Jarenlang hebben we dit soort bedrijven via allerlei aanbestedingsregels en bezuinigingen bij gemeenten gedwongen tot schaalvergroting en het uitknijpen van personeel. Nu zitten we feitelijk met de gebakken peren. Er zijn geen chauffeurs en de leerlingen zijn daar de dupe van, want die staan letterlijk langs de kant van de weg. Ik vraag me dus af: moeten we niet naar veel fundamentelere discussies gaan, naar hele andere oplossingen? Zijn de gemeenten wel de goede partijen in dezen?

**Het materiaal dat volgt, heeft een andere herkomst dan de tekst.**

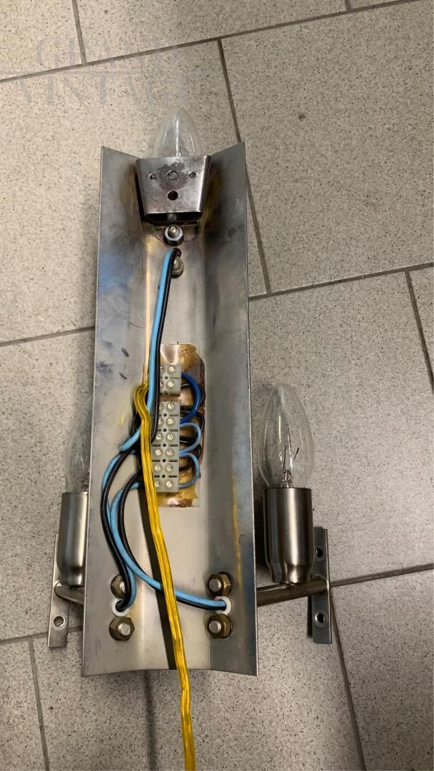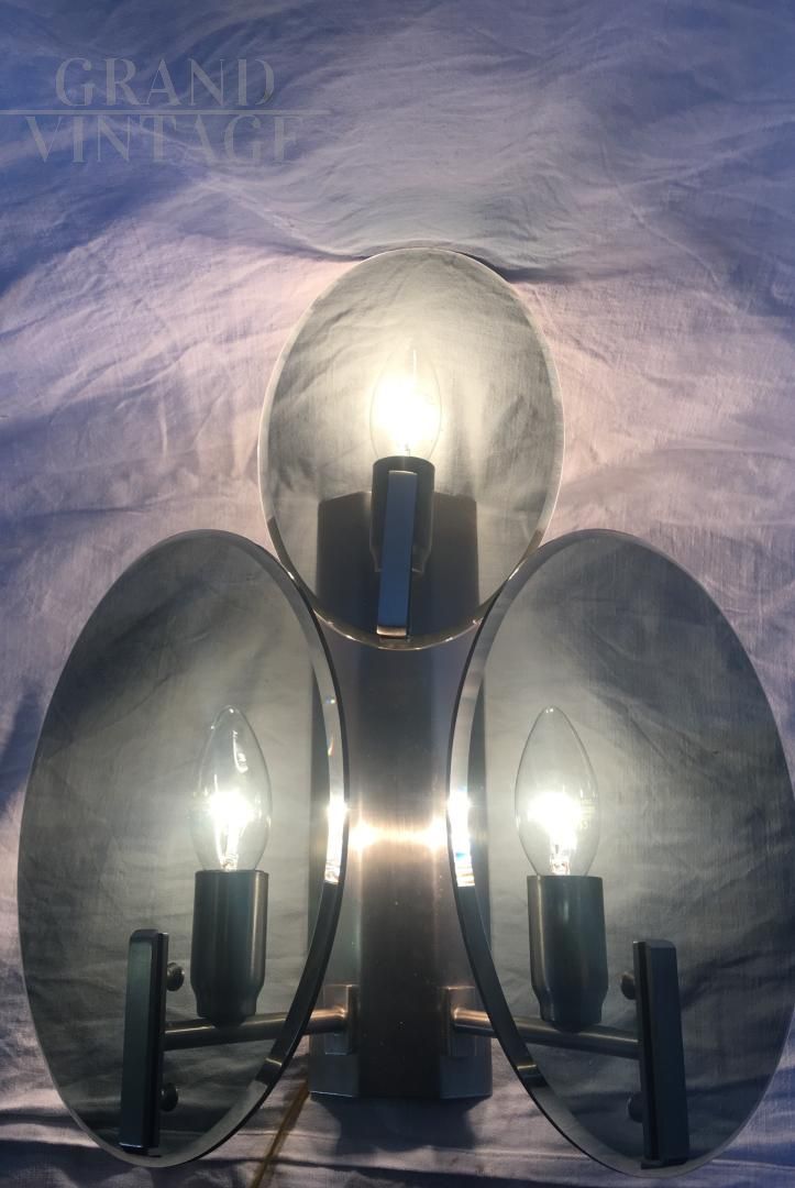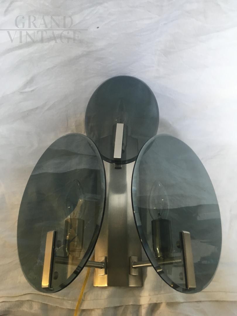 Coppia di lampade da parete applique Veca con tre punti luce, con dischi in vetro fumé molato su struttura in ferro e ottone, molto particolari, in buone condizioni, con vetri non crepati. Impianto elettrico rifatto a nuovo con tre attacchi per lampadine E14, adatto anche per lampadine a LED. Il colore dei vetri è fumé tendente al verde scuro.
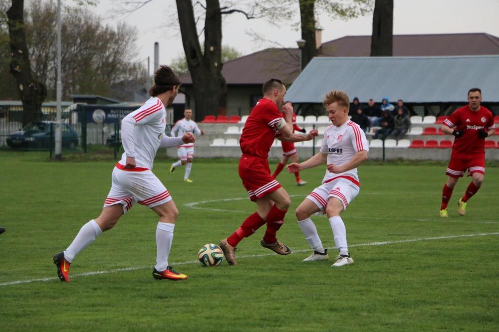 - 19.04.2017, środa: KS Wiązownica (białe stroje) pewnie pokonał Rzemieślnik Pilzno w meczu 24. kolejki 4 ligi podkarpackiej (fot. Natalia Styś)

Ik zou de minister willen vragen: is zij bereid om een fundamenteel onderzoek op te starten, bijvoorbeeld samen met de Onderwijsraad, en om gewoon naar totaal andere opties te kijken, zodat we daar als Kamer en als politiek over kunnen spreken?

Paul:

Volgens mij is een onderdeel van de verbeteragenda dat er gekeken wordt naar allerlei opties om dat te organiseren op een manier die duurzaam is en die ervoor gaat zorgen dat de problemen die we nu hebben, verdwijnen.

Mevrouw Richardson (VVD):

Ik deel de zorgen over het leerlingenvervoer, dat vele malen beter moet dan nu. De minister vertelt dat ze daarover in gesprek gaat met VNG. Dat omarm ik zeer. Ik vind dat VNG en de gemeenten echt urgentie en snelheid moeten maken om die problemen te tackelen. Het is natuurlijk meervormig. Het is goed dat de minister daarover in gesprek gaat met VNG. Een belletje lijkt mij dus een heel goed idee, maar ik zou heel erg toejuichen dat die urgentie er dusdanig is dat er ook echt gezocht wordt naar concrete manieren. Ik hoor wel goede voorbeelden, maar zijn er naast die goede voorbeelden nog concretere manieren om die aansporing richting de VNG goed op te zetten?

Paul:

De brief die ik een paar weken geleden heb gestuurd, in september, was behoorlijk stevig. Dat heb ik sowieso teruggekregen. Maar een stevige brief sturen is één. Uiteindelijk moet je samen werken aan concrete oplossingen. Een aantal van die dingen heb ik inderdaad genoemd. De grootste winst is volgens mij enerzijds te behalen door te kijken hoe we meer chauffeurs kunnen werven en hoe we ervoor kunnen zorgen dat het een aantrekkelijkere baan wordt. Aan de andere kant kunnen we kijken naar andere manieren. Je kunt in het hier en nu, met het beperkte aantal chauffeurs dat je hebt, al kijken hoe je keuzes maakt voor het doelgroepenvervoer.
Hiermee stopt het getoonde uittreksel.